If the men would move on, Clarey would barge into
Roberta’s room and confront her.
A better plan would be to feed her the drugged rum
that the woman planned to take to the unsuspecting Mr. Axminster.
Can I manage that?
She knew Mr. Axminster only in passing, but to
hear the plans hatched against him and do nothing—her soul revolted.
“Hsst!”
Clarey heard the click and snick of a lock, the
creak of a door sounding nearby. She pressed deeply into the corner against the
cabinet. She dared not look out.
“There y’are,” the talker said. “Time ya got here.
Nigh on midnight. That him?”
“Hush you. Just a satisfied customer.”
Clarey recognized Roberta’s voice. Her fists
clenched on her tightly held clothes.
“We need to get moving.”
“We have time enough,” she drawled.
Those genteel words were at odds with the men’s
dockside accents. Clarey risked a peek.
Roberta Tompkins had joined the men at the
landing. She stood in profile, giving a clear view of her loose hair with
golden lights in the ginger tresses. Her high brow and hooked nose could not be
mistaken. Nor the little sag beneath her chin. She no longer wore that dowdy
grey gown but had on a loose-necked gown of vivid blue.

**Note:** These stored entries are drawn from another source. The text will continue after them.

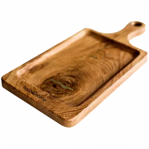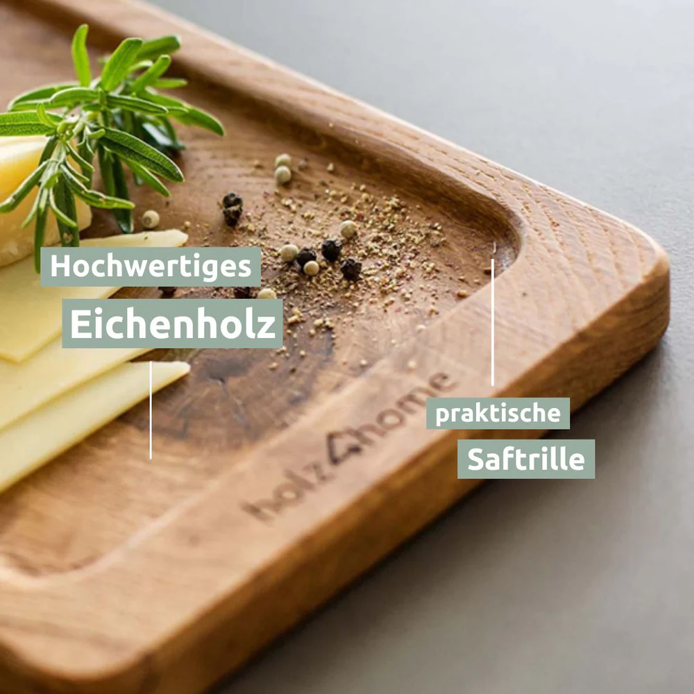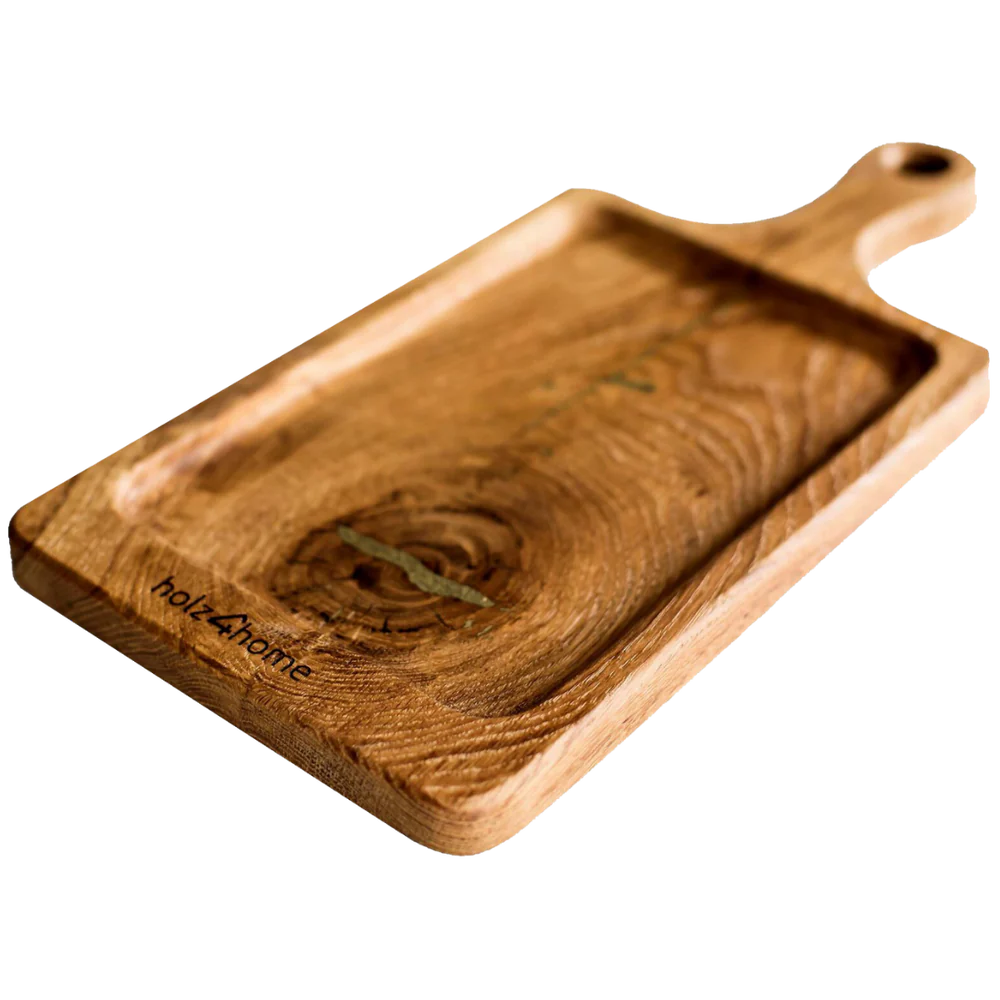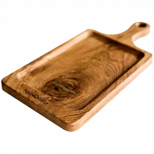Jedes Brett wird als Einzelstück in liebevoller Handarbeit gefertigt. Das Holz Servierbrett aus Eiche ist aus echtem thermisch modifiziertem Eichenholz gefertigt und von Natur aus antibakteriell.
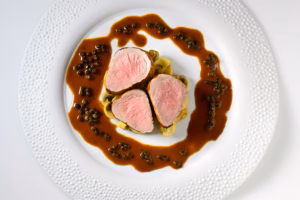Varkensmedaillon met champignons, peperroomsaus en aardappeltjes
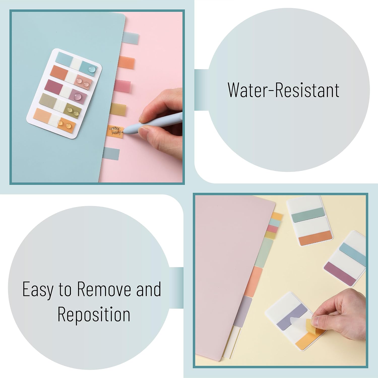 • Half of the file tabs have self-adhesive backing while the other half can be written on, making them repositionable and convenient for sticking and marking as well as removal without residue.
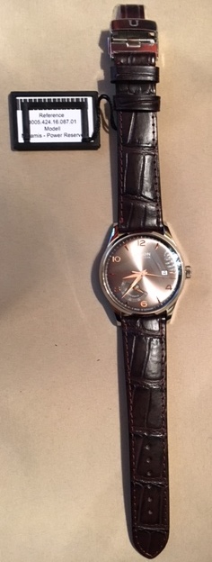 Классическая мужская модель, индикация даты в положении 3 часа, индикация запаса хода в положении 7 часов.

“Time enough fer you,” the bearded man retorted.
“We got to carry him down the backstairs and then trundle him to the docks, all
before he wakes up, and then come back for the girl.”

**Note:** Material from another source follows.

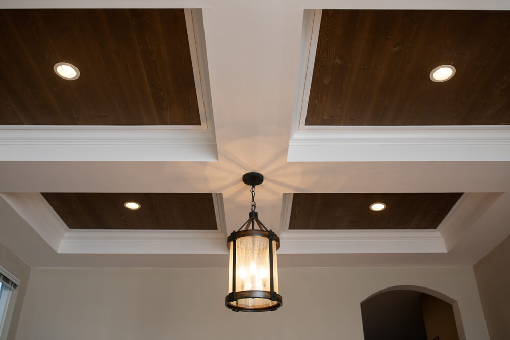 Take your interior design up a notch with a coffered ceiling. Inspired by Baroque architecture, a coffered ceiling has exposed or faux beams arranged in a grid pattern. Because of these beams, the ceiling appears to be indented.
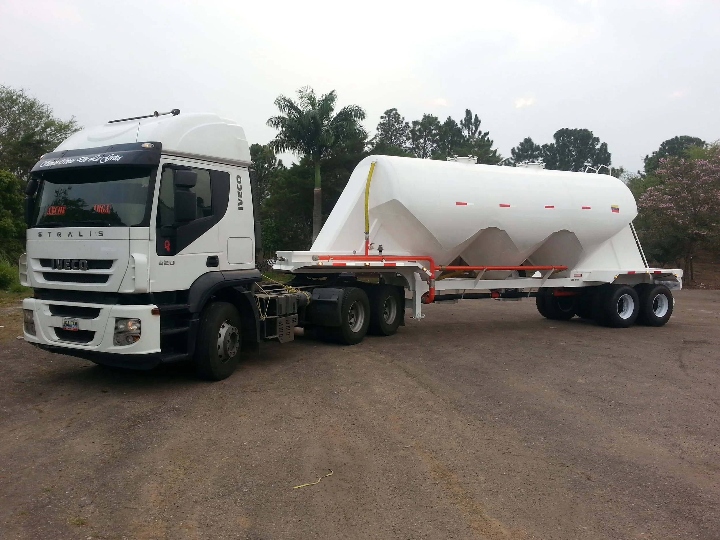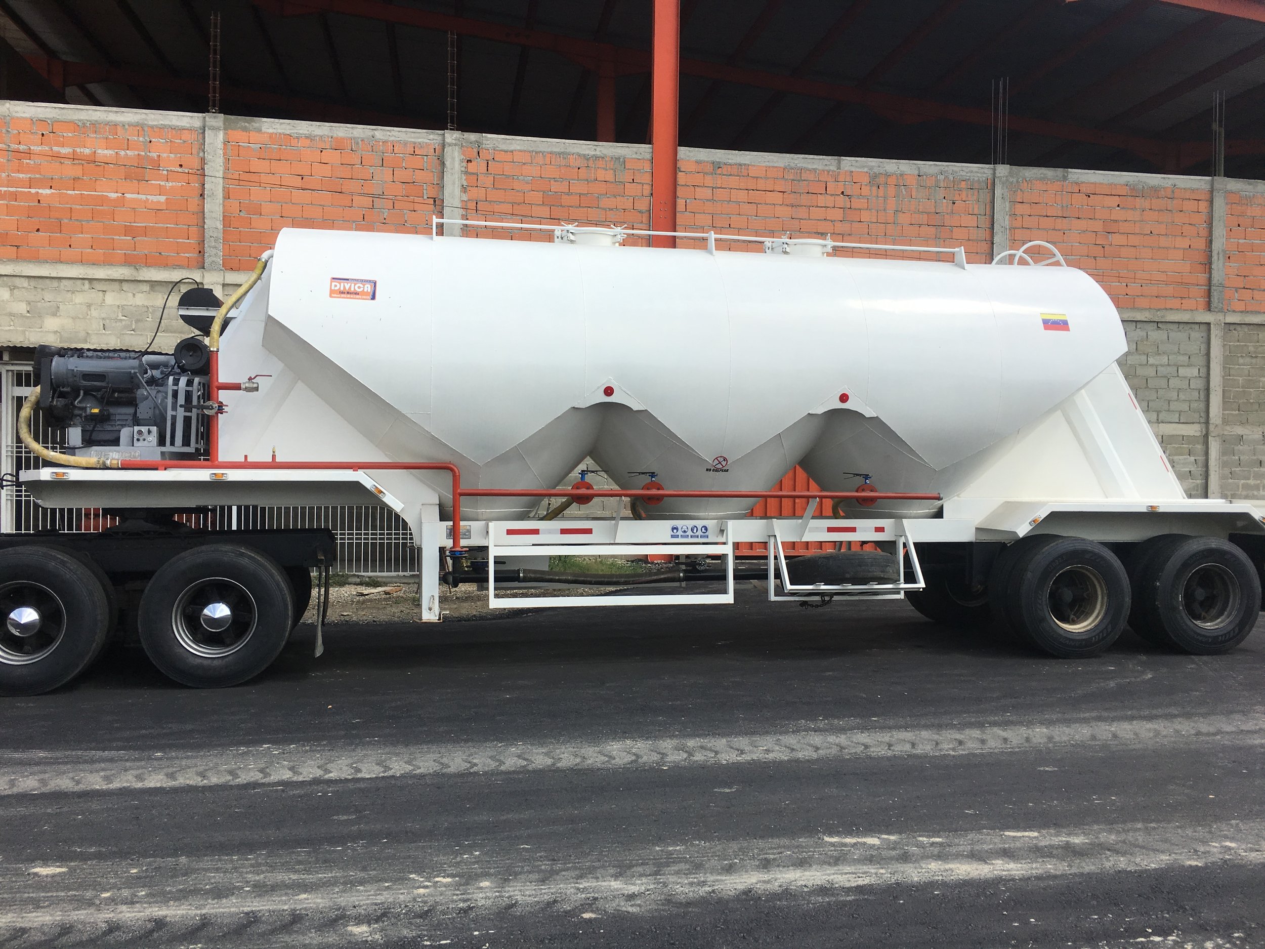 Nuestra cisterna está diseñada para el transporte de productos pulverizados como cemento, cal, harina o materiales similares.

“Time enough and plenty.” Roberta patted
his arm. “I need to fetch the rum from the taproom, then we’ll be about our
business. And if the lady stirs up a fuss, well—what goes down his gullet can
go down hers. But—.” She wagged a finger. “I want my cut upfront, Bob Cribbs.
You shorted me last time.”
“I got shorted m’self. That’s the reason we’re
going after that pretty lady tonight.”
“Still, I want it now, or nothing doing, Bob.”

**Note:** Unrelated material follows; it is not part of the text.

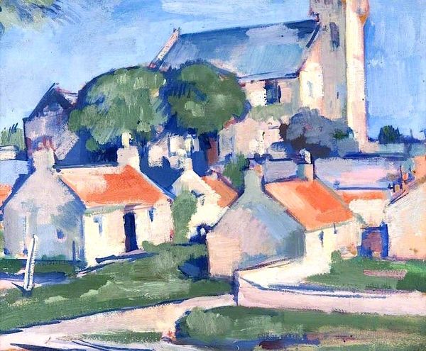 Amadeo de Souza-Cardoso painted "House Manhufe" with oil on canvas, making marks that feel both deliberate and playful. He's not trying to trick you into thinking this is real life, but he is trying to show you a way of seeing. The colors, wow, they're not exactly how your eye would see them but they're how your mind might remember them – that deep cobalt window against the ochre wall, for example. Everything is built up with visible brushstrokes. Look how he defines the leaves with these quick, dab-like gestures. It's not about perfection but about capturing the essence, the vibe of the place. You can feel the sun, almost smell the earth. De Souza-Cardoso’s interest in movement and the incorporation of Cubist and Futurist elements reminds me of artists like Robert Delaunay. Like a conversation, you know, one artwork echoing another across time. What I love most is its embrace of ambiguity, a reminder that art is more about asking questions than giving answers.

“Take it out of his pocket. He won’t be needing it
where he’s going. The lady, too. And what we got shorted last time, we’ll get
from her.”
“Joan’s wanting her by noon tomorrow.”
The bearded man rubbed his hands. “Maybe dusk
tomorrow,” and his mate cackled.
“Sh-h,” Roberta warned. “There’s others on this
hall. A dried-up parson and his shriveled wife. Don’t wake them.”
“What they gunna do? Go squeaking to Attley?” and
another cackled joined his muffled laugh. “He’s had his cut already. Let’s get
a move on.”
“I need to get the rum. Got what will make it
special right here.” She touched her bodice. “You two wait in that workroom I
showed you, right next to the backstairs. I’ll give you the signal when he’s
knocked out. Go on.”
Clarey nearly dropped her freshly ironed garments
when the men started toward her.
They would pass by. She heard Roberta hurry down
the stairs. Turning her face into the cabinet, she hoped the deep shadows
caused by the weak illumination hid her from the two thugs.
She smelled them before they reached her, rancid
sweat, strong ale. They hustled past her, not stopping until they reached the
end of the hall. One of them tried a door—the stair well with its steep flights
turning quickly upon themselves. As he shut the door, the other tried the door
opposite, the maid’s room where Clarey had ironed her cottons, hoping to pack
and leave in the morning.
The men crowded inside.
As soon as the door shut, she flew, silent as an
owl, up the hall. She wanted to hide in her chamber—but as soon as the men
finished with Mr. Axminster, they’d come for her. Her strength was nothing
against the men. The pistol would be—but she didn’t want to rouse the whole
inn, especially with the innkeeper apparently working with this press gang.
And Roberta added another felon to the danger.
Her only hope was to alert Mr. Axminster before
Roberta returned with the spiked rum.
His room was directly across from hers. Clutching
her folded garments to her breast, she scratched at his door.